The Hangfire Toilet

Things have gotten interesting in the Fallapartment again. In the downstairs bathroom we have a hangfire toilet. What is that? After you flush it and the water is gone, it sits there doing nothing for about 20 seconds before it starts to refill the tank. I have no idea why that happens, or even how I would design a toilet to make it do that. It flushes, and then there is nothing………… and then it starts to fill. Strange.

It doesn’t flush very well either, so one day I opened it up to see why this strange stuff is happening. I found out that our landlords have installed a “water saver” system in the tank, and that keeps the toilet from flushing. Since I am an artist, I decided to draw a diagram to illustrate how the insides of the toilet work. Here it is.

ToiletThe “bucket” is the water saving device. It surrounds the flapper valve completely and it keeps most of the water from flowing down to the flapper valve to make the toilet flush. As you can see from the diagram, the piddly two inches of water left above the bucket doesn’t provide enough hydraulic persuasion to move the … uh… material… down the pipe. Hence, the toilet doesn’t flush. You could probably save even more water if you just stuffed a rag into the flapper valve hole without losing much more of the toilet function.

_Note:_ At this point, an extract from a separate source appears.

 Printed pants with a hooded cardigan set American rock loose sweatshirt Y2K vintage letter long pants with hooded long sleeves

I would remove the device from the tank, except that I am a better artist than a plumber (well…. ok… marginally), and I don’t want to get involved in that.

So, we just flush it twice.

I have not figured out how the water saving device makes the toilet delay the filling of the tank for 20 seconds. That will take some further analysis. And, to make matters worse, the toilet has begun to hang on the flush end as well. We push down the lever, and the toilet sits there for 10 to 20 seconds… and then it flushes………. and then it sits there thinking about it for another 10 to 20 seconds…. and starts to fill up. I think it might be haunted.

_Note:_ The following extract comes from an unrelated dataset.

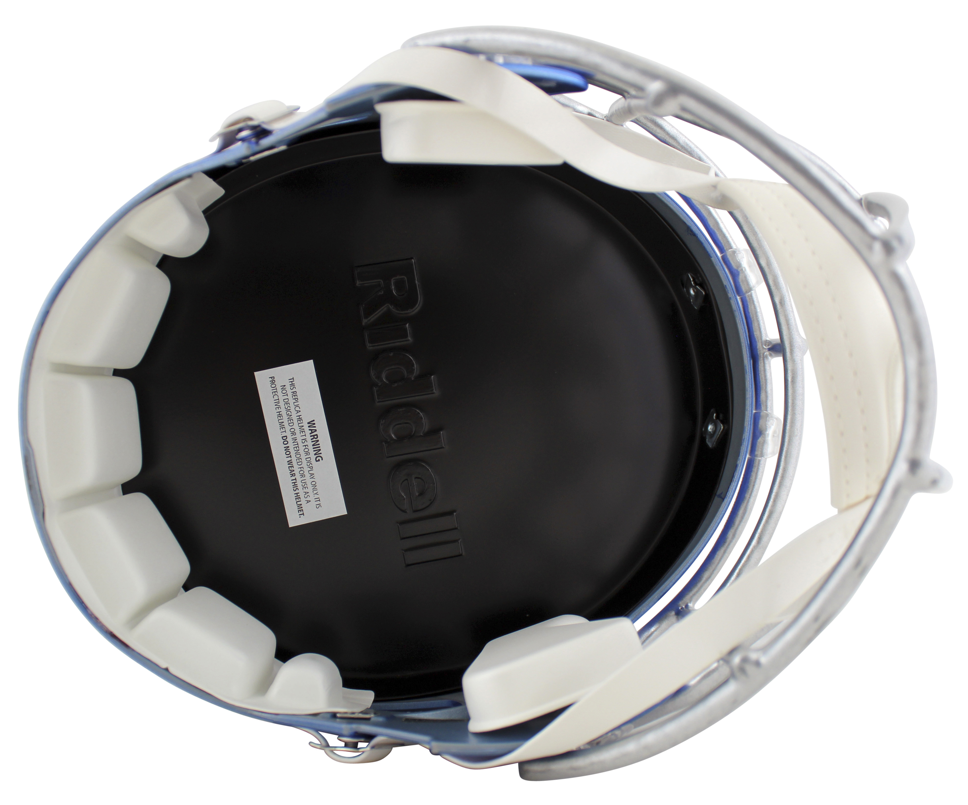 This Autographed Alternate Flash Riddell Full Size Speed Rep Helmet W/ Uv Mirrored Back Acrylic Display Case has been Personally Signed by Emmitt Smith of the Dallas Cowboys. This item is 100% Authentic to include a hologram by Beckett Authentication Services. This item will come with an affixed Beckett Authentication Services (BAS) authentication sticker, which includes a scannable QR code to verify authenticity. Please note that Beckett no longer provides serial-numbered COA cards, and the attached BAS sticker will serve as the complete authentication for this item. This is a BAS Witnessed Protection Program item which means a Beckett Authentication Service representative was present when this item was being signed. We conducted an autograph signing with Emmitt Smith where multiples of the same item were signed. While the photographs are representative of this item, the size, placement and strength of the signature may vary. Each item is hand signed, therefore, each autograph is unique. This item can be verified through BAS Witnessed.

The other plumbing news is that this:

Drainstarted to leak this afternoon. That is the drain from the sink-that-won’t drain. After looking at it, we found that the screwy part (the thing with the knobs) had become unscrewed, and the pipe had fallen apart. We screwed it back together and it appears to work, but we left the bucket there just in case. The sink-that-won’t-drain now doesn’t drain just as well as it used to.

In case you are interested, the big, gray pipe comes in from the worst-dishwasher-in-the-world. I don’t think that the toilet comes into play here, but you never know what is going to happen.